Post by J-F C. (Jefsey) Morfin
Dear John,
since you were one of the most reasonable actors of the WG-IDN
and that the LHS will face the same real world oppositions as
the RHS, I would be interested in your comments about the
current MINC positions over the Arabic/Poland situation. This
is a direct consequence of the concept of
"internationalization" I fought as inapropriate (IMO) to the
real world and of the demands from the ICANN governance.
NB. If you do not have it, I have a copy of the letter as a
Member of the MINC, but I do not know if it is online. I can
copy it to those interested but I suppose netiquette opposes
that I put it myself on line?
Since it was addressed primarily to ICANN and the ICANN Board, I
have seen a copy of it. I suspect most readers of the IMAA list
have not.

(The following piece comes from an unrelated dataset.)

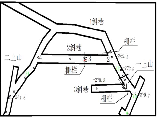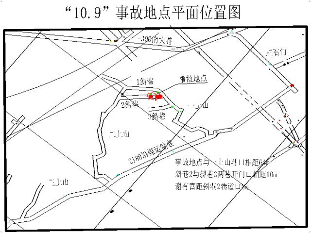 事故调查组于10月9日第一次到2188一上山现场勘查,事故现场如下示意图:

Given the quite inflamed and inflammatory content/
tone of the letter, I think it would be inappropriate for me to
attempt to summarize it, so, while I want to respond to the
portion of this that can easily be explained out of context,
further discussion should almost certainly be taken elsewhere
(and the old IETF IDN mailing list isn't an appropriate place
either).

To review a situation which I hope everyone here understands,
when the IDN standards were produced, the IDN WG, and thence the
IETF, made a quite explicit decision to specify mappings and
codings but to become as little involved as possible with the
specification of usage, which characters and character
combinations should actually be used, etc. The IESG reinforced
the nature of this decision by issuing a "statement" along with
the standards that might be described as "this is what we have
done, but you don't have a complete picture until you do some
other things, and you should be careful about them".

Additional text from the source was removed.